Artificial grammar learning paradigms may offer a potential solution to the problem of uncovering linguistic universals (Nevins, 2009). In an artificial grammar learning paradigm, researchers can control for factors that are otherwise uncontrollable (Finley & Badecker, 2008; Guest, Dell, & Cole, 2000). It is possible to compare minimally different languages that are believed to follow universal tendencies with languages that are not believed to follow such tendencies. The present paper presents evidence that typological tendencies in phonology are related to learning biases. Specifically, I address the role of phonetic naturalness in phonological patterns. Phonological patterns are derived from systematic rules (or constraints) that govern the distribution of sounds and sound sequences.

While both phonetically grounded and phonetically ungrounded patterns exist in natural language (Anderson, 1981), there are proposed universal tendencies for phonological patterns. Because languages (specifically English) do not make use of all phonological patterns, it is possible to expose naïve (English speaking) participants to novel phonological patterns and test whether such participants are more likely to learn the pattern that follows a proposed universal tendency. Even in an artificial setting, assessing the potential advantage of learning a phonetically natural pattern is difficult because phonetic naturalness and complexity are often conflated. Further, different phonological patterns may be learned at different rates independently of phonetic naturalness (e.g., based on regularity or frequency of occurrence in a given language). The present study works around these challenges by comparing the learnability of natural and unnatural variants of a single phonological process (round vowel harmony). Vowel harmony is a phonological pattern in which vowels must share the same value of a phonological feature (e.g., backness, round). In Turkish1, which has back and round harmony, the back and round features of the stem vowel determine the back and round features of suffix vowels (e.g., [pul-un] ‘stamp’, [ip-in] ‘rope’) (Clements & Sezer, 1982).

For the purpose of this paper, the term ‘source triggers’ refers to vowels that initiate a harmonic domain, while ‘target undergoers’ refers to vowels that undergo harmony. The term ‘participating vowel’ refers to any vowel that undergoes or initiates harmony, while ‘non-participating vowel’ refers to any vowel that is neither a source trigger or a target undergoer for harmony.

There are several possible universal factors that influence whether vowel harmony applies, including inventory constraints, coarticulation and perceptual prominence (Kaun, 2004; Korn, 1969; Suomi, 1983; Walker, 2005). For example, cross-linguistic studies of round harmony have shown that the vowels that receive the greatest perceptual benefit from harmony are most likely to be source triggers for round harmony (Suomi, 1983; Walker, 2005)2. Round harmony increases the perceptibility of the round feature (Kaun, 1995, 2004), which subsequently increases the likelihood that a round vowel will be accurately identified as round. The impact of this increase in perceptibility of rounding varies depending on the height of the harmony source trigger. Mid vowels tend to show a greater perceptual benefit for vowel harmony compared to high vowels (Terbeek, 1977).
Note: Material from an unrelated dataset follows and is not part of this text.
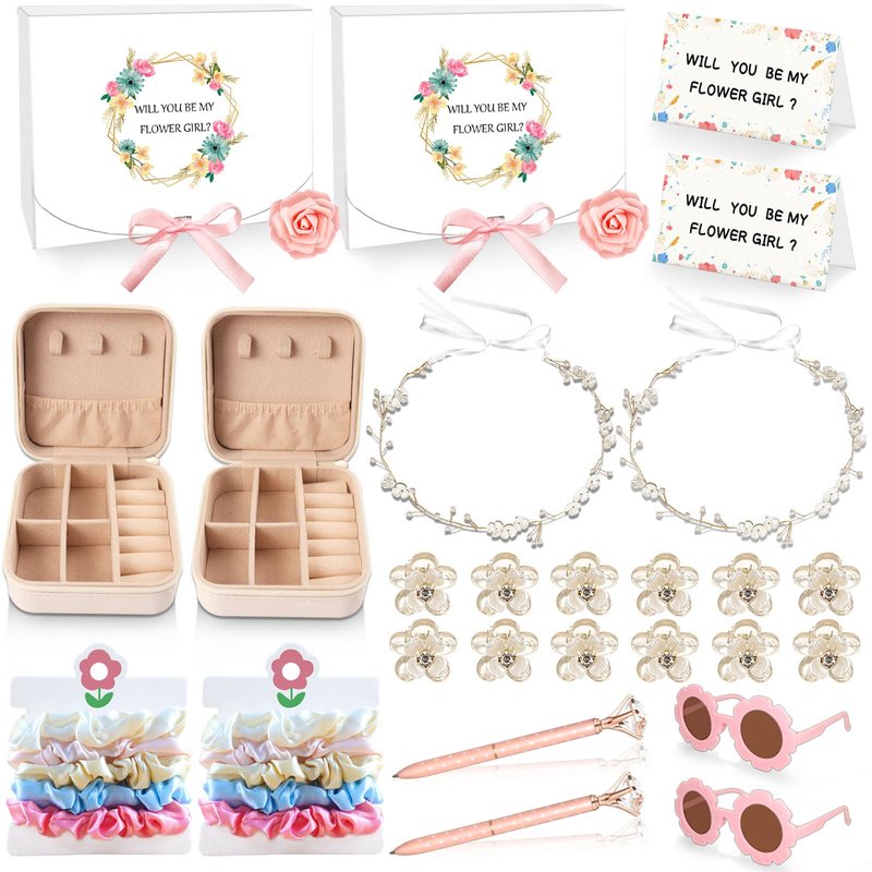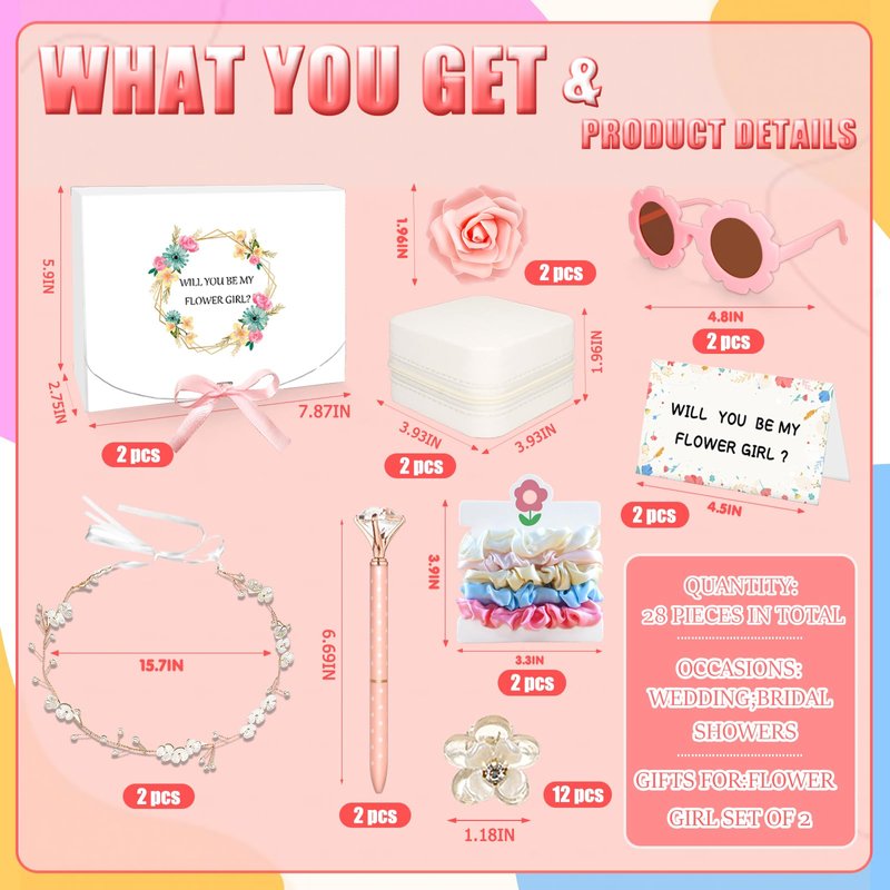 - 28PCS FLOWER GIRL PROPOSAL:Flower girl Box * 2pcs; Pink Ribbon*2pcs;Flower sunglasses * 2pcs; Flower girl Headpiece*2pcs;Jewelry Box* 2pcs; 6pcs small flower hair clip sets * 2; Pink diamond pens * 2pcs; 5 mixed color hair ring sets * 2pcs; Pink Flower * 2pcs; will you be my flower girl card*2pcs.

The preference for mid over high vowels as source triggers for round harmony may also reflect the fact that it is easier to identify the round feature for high vowels compared to mid vowels (Kaun, 1995). Thus, mid vowels receive more perceptual benefit from harmony than high vowels. Using multidimensional scaling, Terbeek (1977) created a continuum of the perceptibility of the round feature. In this continuum, high and back vowels are most likely to be perceived as round, while mid and front vowels are less likely to be perceived as round. In addition, Linker (1982) created a rounding continuum that was based on articulatory measurements (horizontal opening and lip opening) in several languages (including English). Linker demonstrated that high vowels are produced as more ‘canonically round’ than mid vowels. These facts help explain the typological asymmetry explored by Kaun (1995) and Korn (1969); mid vowels are less likely to be restricted as harmony source triggers than high vowels.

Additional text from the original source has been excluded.